A few days ago, the link to the site Alive in Baghdad was posted on ITForum. When the site first appeared as a candidate for the Vloggie awards in early November, my impression was pretty negative. Maybe I was wrong; who knows? Not the point. The point is that ITForum erupted, first with a rant about terrorists and a very negative denouncement of the site, and then with a series of posts saying the matter was off-topic and should be kept off the site. In all fairness, it's unlikely any of the members of ITForum were aware that this was a prominent site being supported for an award. Still, not the point.
To me, the point is this (and this is what I posted to ITForum): "The point of the post is to show how Iraqis are using internet technologies and informal learning techniques to educate themselves and the rest of the world about what is really happening in Iraq. The whole point is that the internet liberates, empowers." And a day later, I wrote, "from my perspective, all the stuff about training and competencies and the like are off-topic, distorting the landscape with a very overt corporate and conservative agenda, an e-learning as job-training agenda. But when you live in a world where learning has everything to do with work and earnings, and nothing to do with freedom and empowerment, the training and earnings stuff is on-topic and the freedom stuff is a needless distraction... I don't expect you to agree with me - but I do expect you to recognize that what is neutral and benign to you is often very biased and politically loaded to me."
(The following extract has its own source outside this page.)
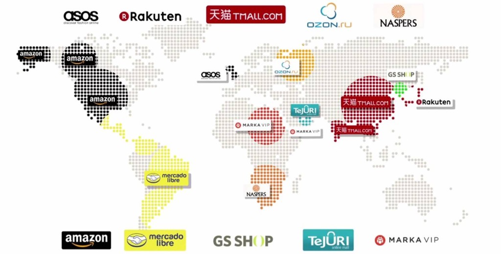 The Department for International Trade produced a slide that showcases the main marketplaces around the world and as we can see Amazon is only dominant in western countries. T-mall, for example, dominates China.

Today the moderator of the list responded with an interesting and informative set of posts. First, she linked to Katy Campbell, Richard A. Schwier and Richard F. Kenny, who write, "designers have not necessarily recognised their agency in the development of a knowledge economy that reflects culturally biased views of teaching, learning, and the construction of knowledge." She also linked to a lecture by Clare Brant on the topic of Mi'kmaq Ethics and Principles, interesting to me because his document reflects very closely my own attitudes and beliefs.
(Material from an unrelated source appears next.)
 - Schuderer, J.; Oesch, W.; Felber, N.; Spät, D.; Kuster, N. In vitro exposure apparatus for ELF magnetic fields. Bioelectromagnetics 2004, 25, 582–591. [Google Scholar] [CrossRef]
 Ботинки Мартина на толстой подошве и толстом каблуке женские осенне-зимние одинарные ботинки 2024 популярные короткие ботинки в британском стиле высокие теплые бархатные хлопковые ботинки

And I will say that I spent enough time in the Canadian north and among First Nations peoples to know that they (and Canadians in general) are not above making a pointed remark when the time is appropriate. And maybe the time is appropriate. Which is why I appreciated this post from Mike Klonsky very directly connecting support for the war with various educational reform efforts discused here and on the list. And to be perfectly blunt: "The War In Iraq Costs $347,004,942,917. Instead, we could have provided 16,822,035 students four-year scholarships at public universities."
I think that's clear enough. And though it may not win me any awards, I will not surrender the moral high ground to people who believe they can justify the bombing of a city over the educating of a child. And to quote the other thing I said on ITForum: "this sort of nonsense in Iraq has gone on long enough, and it is the failure to speak up that has let it happen." It's time, don't you think? The right time, and yes, the right place.